As I approach a half century of life, I now realize that my writing goes beyond notions of fame and fortune. I realize that I would be writing and creating even if nobody was reading it. I realize that I would be flinging my work into the electronic beyond even if I didn’t know that someone would be reading it and be interested in it.

It is nice, however, to have someone praise your work and tell you that you are a great writer. That’s the truth even if you don’t know exactly who those people are and couldn’t be relied on to pick out those people in front of you even if they were wearing name tags that bore the usernames that they went by in the electronic Wild West. None of that matters.

As a responsible writing instructor at the secondary educational level (and previously at the post-secondary educational level), this is where I would start insisting, quite annoyingly, that the author of whatever nonfiction writing piece that they are trying to create (and this is, by clear definition, a nonfiction writing piece) needs to lay out, in a single sentence, if possible, what the thesis of their writing is. If they are not able to recite this sentence for me, I often insist, then they will be lost regarding what the intent and purpose of their writing is, and more importantly, their readers will have no idea what in the bloody frozen hells of the lower levels of Hades what the purpose is of what they are writing.

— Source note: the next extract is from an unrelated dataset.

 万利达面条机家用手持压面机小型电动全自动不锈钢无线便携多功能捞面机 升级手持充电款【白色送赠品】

So, I’m going to see if I can manage some sort of thesis statement not just for this piece of writing, but also for the previous two ones in this series. In addition, I think that by definition, it is going to end up being a working thesis statement regarding who I am as a writer.

When I was a kid, I self-identified as a writer. This was what I wanted to be when I grew up, this was how I was going to Make My Living. I also had a small little ambition to become a Famous Novelist, but like all sorts of fame and success, I didn’t know how much talent, desire, and luck1 you needed to get to that point. I had at least just enough of the first one and plenty of the second one, but the third I had no more than most typical people and I hadn’t learned yet how critical that can be when it comes to fame and success. You can almost certainly succeed if you have sufficient levels of all three qualities, but if you only have even just two or one of them, you’d have as much as a chance as most people have on the lottery.

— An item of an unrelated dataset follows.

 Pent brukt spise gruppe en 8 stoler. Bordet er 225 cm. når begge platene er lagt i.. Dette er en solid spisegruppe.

When I was a younger man, there were many times where I did describe myself as a writer but I almost felt like a fraud doing it. Yes, I was making money off my writing skills, first as a journalist, and then as a teacher. In the former case, I certainly could say I was a published author, but it wasn’t like I was a novelist or anything. I had set aside my writing for a while, and there were years that went by where I hadn’t written a single word of fiction. Those novelist dreams of mine kept getting further and further away.

Now, I have actually gotten to be a published writer, even though I am far from A Success yet. I have been concentrating on improving my writing skills, both from a productivity and a quality standpoint. I am starting to see results. The fact that I am not supporting myself as a writer, or that I am producing some work that has no economic or marketing potential whatsoever, is totally irrelevant.

I am a writer because I want to write, I am writing, and I want to grow and improve my craft. No other definition is needed.

How’s that for a thesis statement?

So now, I don’t have any existential debates anymore about whether I’m a writer or not. Whether I’m as good or as productive of a writer as I should be, however… that is a different story.

I’ve managed to set some goals for myself this year. Maybe you heard about them. I know I will have to continue to set new goals and challenges for myself in the years to come. I’m in the process of considering what those goals should be, and I think self-publishing is going to be at the top of that list.

Keep going upward and forward, for as long as my health and faculties hold up. There’s still a ways to go, and any lifetime is never enough time to learn everything that there is to know about writing.

Footnotes:

  1. Luck I define as any other outside forces or circumstances that fall in your favor when you are trying to accomplish something.

9 thoughts on ““Work” Writing Vs. “Fun” Writing: A Reflection (Part 3/3)

  1. Interesting thoughts here. I’ve come to realise that I want to earn a living from my writing instead of writing to live, if that makes any sense.

    Throughout my career, I’d always had to choose between my ‘work’ writing and the writing I actually want to do. And more and more, I’m learning that my true goals involve the latter.

    Anyway, wishing you all the best on your writing journey!

    Liked by 1 person

    1. Thanks for commenting. I definitely can appreciate the level of dedication needed to make writing a full-time profession. It takes a lot of work and I happen to have a day job (teaching) and a family that can take time and priority over some things. I’m glad you are going for what makes you happy.